### [Aim of the task]
Look through the lines below and copy each one that includes "incluye".

### [Listed entries]
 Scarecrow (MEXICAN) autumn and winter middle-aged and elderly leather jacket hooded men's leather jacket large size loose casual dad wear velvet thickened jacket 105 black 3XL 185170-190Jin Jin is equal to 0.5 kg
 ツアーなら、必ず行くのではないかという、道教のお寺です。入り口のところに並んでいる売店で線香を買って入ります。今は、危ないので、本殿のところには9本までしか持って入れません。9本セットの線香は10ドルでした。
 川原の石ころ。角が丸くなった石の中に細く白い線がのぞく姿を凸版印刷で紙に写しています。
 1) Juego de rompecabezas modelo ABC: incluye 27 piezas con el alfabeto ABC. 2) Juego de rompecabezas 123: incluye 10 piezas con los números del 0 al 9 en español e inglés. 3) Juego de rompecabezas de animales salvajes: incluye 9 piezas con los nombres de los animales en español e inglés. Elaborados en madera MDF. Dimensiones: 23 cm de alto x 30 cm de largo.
...
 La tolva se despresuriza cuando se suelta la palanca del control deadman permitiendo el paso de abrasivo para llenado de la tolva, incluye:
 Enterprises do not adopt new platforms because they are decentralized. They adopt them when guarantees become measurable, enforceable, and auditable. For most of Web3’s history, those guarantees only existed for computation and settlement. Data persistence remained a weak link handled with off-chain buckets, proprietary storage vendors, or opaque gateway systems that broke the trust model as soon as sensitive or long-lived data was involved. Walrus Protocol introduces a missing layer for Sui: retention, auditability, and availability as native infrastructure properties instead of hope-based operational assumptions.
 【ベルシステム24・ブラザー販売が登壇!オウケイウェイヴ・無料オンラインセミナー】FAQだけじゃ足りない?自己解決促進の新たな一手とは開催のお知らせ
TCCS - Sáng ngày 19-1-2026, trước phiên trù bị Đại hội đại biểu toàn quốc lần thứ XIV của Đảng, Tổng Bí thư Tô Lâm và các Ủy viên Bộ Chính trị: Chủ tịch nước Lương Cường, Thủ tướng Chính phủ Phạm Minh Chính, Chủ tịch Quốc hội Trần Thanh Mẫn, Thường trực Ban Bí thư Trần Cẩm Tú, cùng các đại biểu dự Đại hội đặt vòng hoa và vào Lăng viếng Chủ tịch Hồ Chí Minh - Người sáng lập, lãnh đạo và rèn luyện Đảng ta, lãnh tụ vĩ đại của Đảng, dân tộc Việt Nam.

### [Result for this task]
 1) Juego de rompecabezas modelo ABC: incluye 27 piezas con el alfabeto ABC. 2) Juego de rompecabezas 123: incluye 10 piezas con los números del 0 al 9 en español e inglés. 3) Juego de rompecabezas de animales salvajes: incluye 9 piezas con los nombres de los animales en español e inglés. Elaborados en madera MDF. Dimensiones: 23 cm de alto x 30 cm de largo.
 La tolva se despresuriza cuando se suelta la palanca del control deadman permitiendo el paso de abrasivo para llenado de la tolva, incluye:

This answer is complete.